→ EXERCISE BRIEF:
What's needed: every entry, printed exactly, minus the images.

* * * * * * *

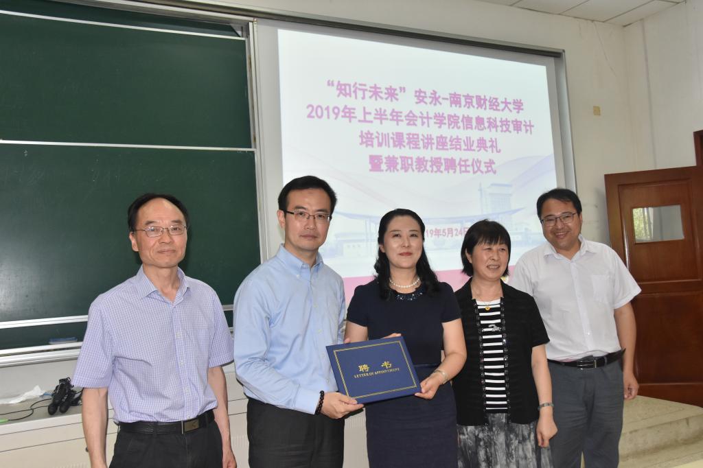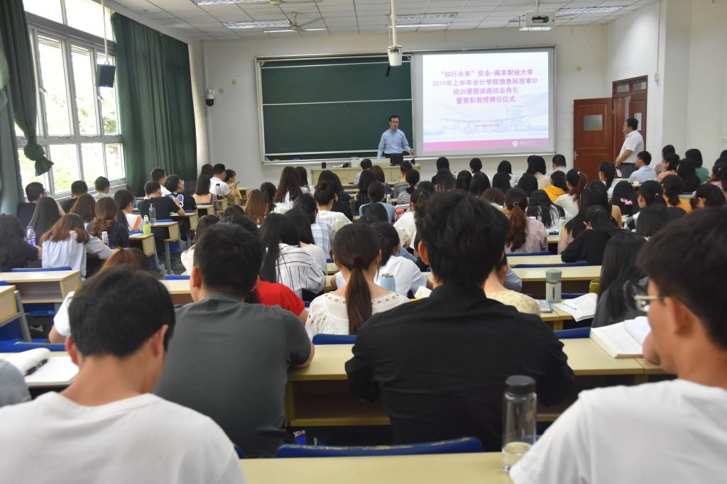 5月24日,2019年“知行未来”安永-南财会计学院信息科技审计系列讲座结业典礼暨兼职教授聘任仪式在我校仙林校区德济楼103举行。我校党委常委、副校长时现,安永中国风险咨询服务部合伙人顾卿华,我校会计学院党委书记姚学峰、院长姚文韵,安永部分讲师及会计学院参加培训的本科生、研究生共计140多人参加了结业典礼。结业典礼由会计学院副院长沈永建主持。
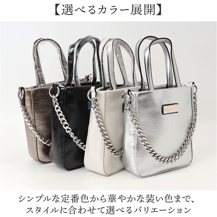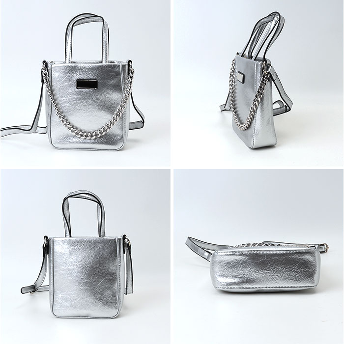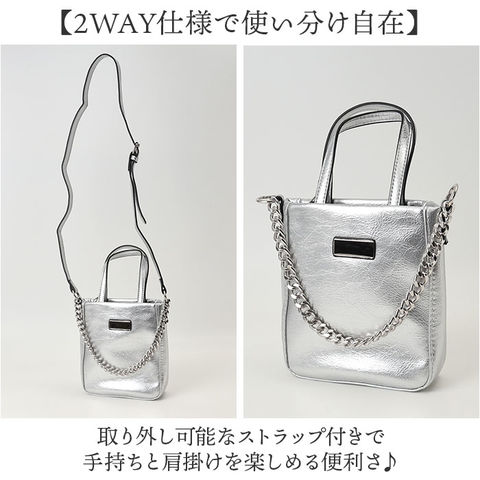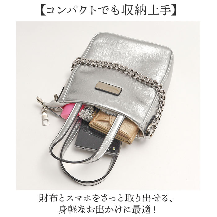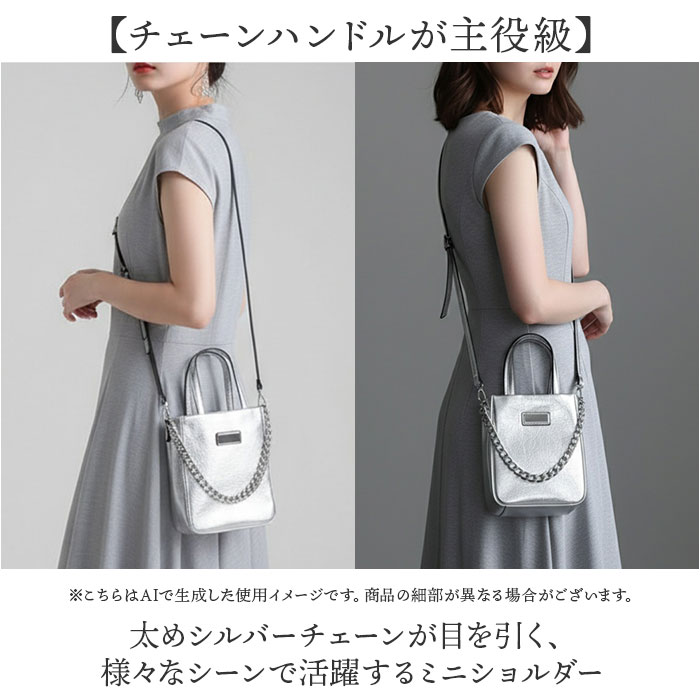| 商品説明 | 【チェーンハンドルが主役級】太めシルバーチェーンが目を引く、様々なシーンで活躍するミニショルダー【2WAY仕様で使い分け自在】取り外し可能なストラップ付きで手持ちと肩掛けを楽しめる便利さ♪【コンパクトでも収納上手】財布とスマホをさっと取り出せる、身軽なお出かけに最適!【シーンを選ばない万能デザイン】デイリーからパーティーまで幅広く対応できる洗練されたルックス〇【シンプルプレートが際立つ】装飾を削ぎ落とした無地プレートがモダンな品格を醸し出す仕上がり♪【選べるカラー展開】シンプルな定番色から華やかな装い色まで、スタイルに合わせて選べるバリエーション |
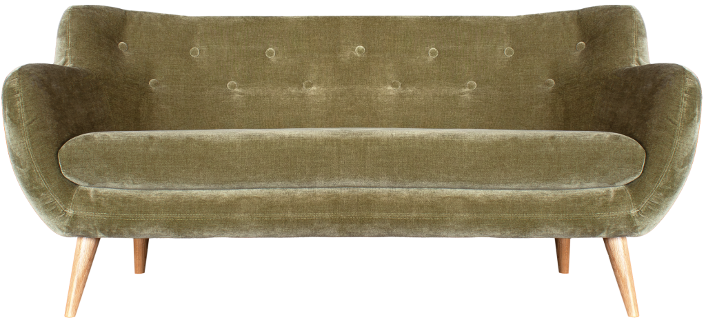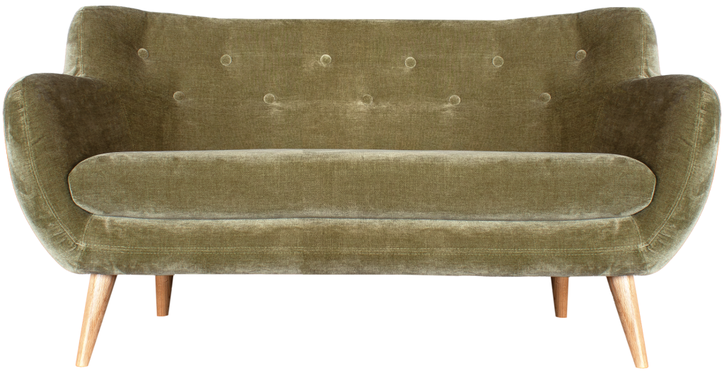 Button detailing on the fixed back pairs beautifully with a rounded, softened exterior frame,creating a classic yet inviting silhouette.
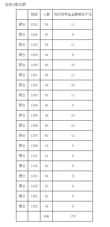 (三)获一等、二等、三等知行优秀奖的研究生分别享受3000元、2000元和1000元奖学金;学院将下拨各班级知行奖学金的总金额,由班级自行根据班级情况确定知行优秀奖学金在各层次间的等级分配,参考比例为1:2:3。
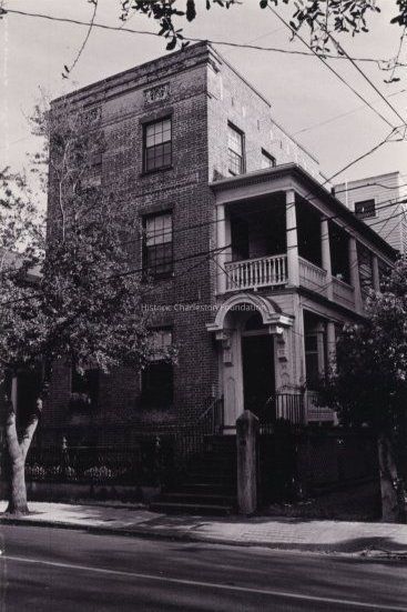 B&W photograph of 35 Hasell Street (John McNellage House), corner view of house showing the north (front) and west (piazzas) elevations.
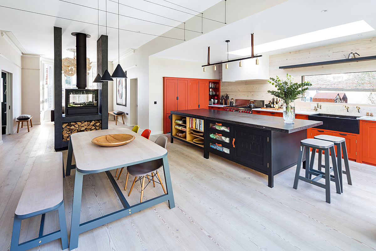The bold orange is amazing and looks wonderful teamed with the chunky island unit. It's a strong kitchen with bags of personality and can easily be re-painted in years to come.
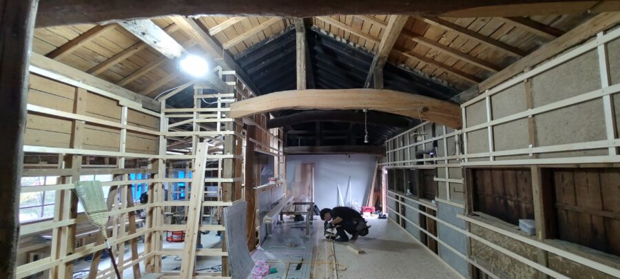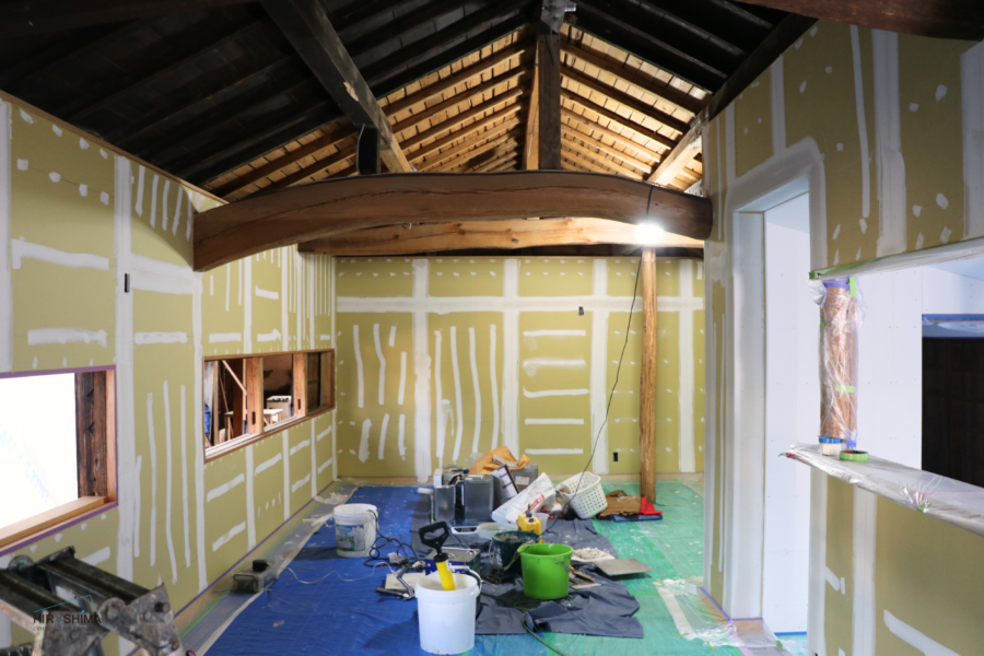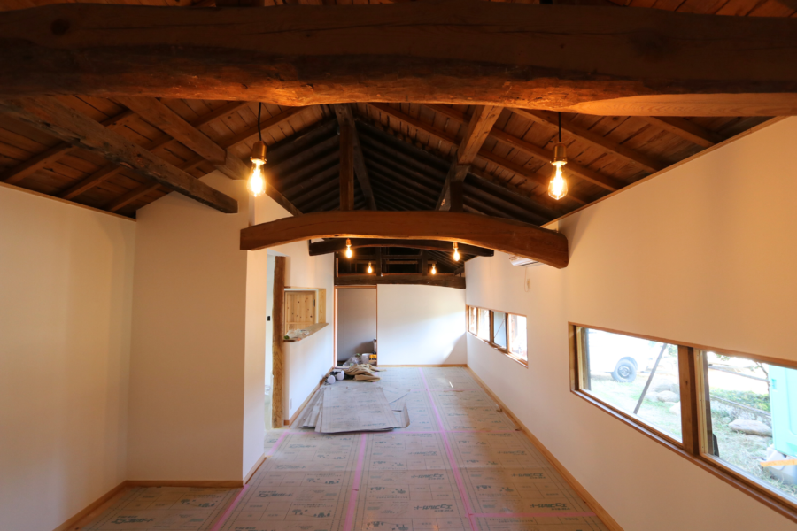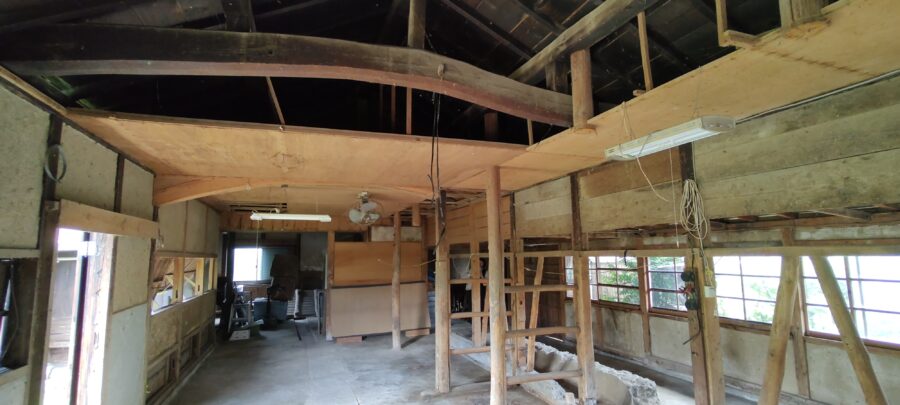 ↑解体の様子。天井付近にある太くて立派な梁はそのまま残しました。
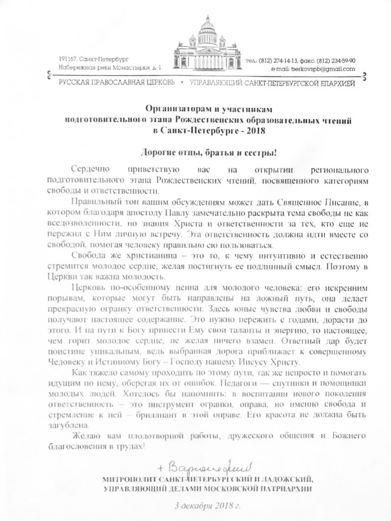 Приветствие митрополита Санкт-Петербургского и Ладожского Варсонофия гостям и организаторам Чтений:

* * * * * * *

→ EXERCISE RESULT:
 5月24日,2019年“知行未来”安永-南财会计学院信息科技审计系列讲座结业典礼暨兼职教授聘任仪式在我校仙林校区德济楼103举行。我校党委常委、副校长时现,安永中国风险咨询服务部合伙人顾卿华,我校会计学院党委书记姚学峰、院长姚文韵,安永部分讲师及会计学院参加培训的本科生、研究生共计140多人参加了结业典礼。结业典礼由会计学院副院长沈永建主持。
| 商品説明 | 【チェーンハンドルが主役級】太めシルバーチェーンが目を引く、様々なシーンで活躍するミニショルダー【2WAY仕様で使い分け自在】取り外し可能なストラップ付きで手持ちと肩掛けを楽しめる便利さ♪【コンパクトでも収納上手】財布とスマホをさっと取り出せる、身軽なお出かけに最適!【シーンを選ばない万能デザイン】デイリーからパーティーまで幅広く対応できる洗練されたルックス〇【シンプルプレートが際立つ】装飾を削ぎ落とした無地プレートがモダンな品格を醸し出す仕上がり♪【選べるカラー展開】シンプルな定番色から華やかな装い色まで、スタイルに合わせて選べるバリエーション |
 Button detailing on the fixed back pairs beautifully with a rounded, softened exterior frame,creating a classic yet inviting silhouette.
 (三)获一等、二等、三等知行优秀奖的研究生分别享受3000元、2000元和1000元奖学金;学院将下拨各班级知行奖学金的总金额,由班级自行根据班级情况确定知行优秀奖学金在各层次间的等级分配,参考比例为1:2:3。
 B&W photograph of 35 Hasell Street (John McNellage House), corner view of house showing the north (front) and west (piazzas) elevations.
The bold orange is amazing and looks wonderful teamed with the chunky island unit. It's a strong kitchen with bags of personality and can easily be re-painted in years to come.
 ↑解体の様子。天井付近にある太くて立派な梁はそのまま残しました。
 Приветствие митрополита Санкт-Петербургского и Ладожского Варсонофия гостям и организаторам Чтений:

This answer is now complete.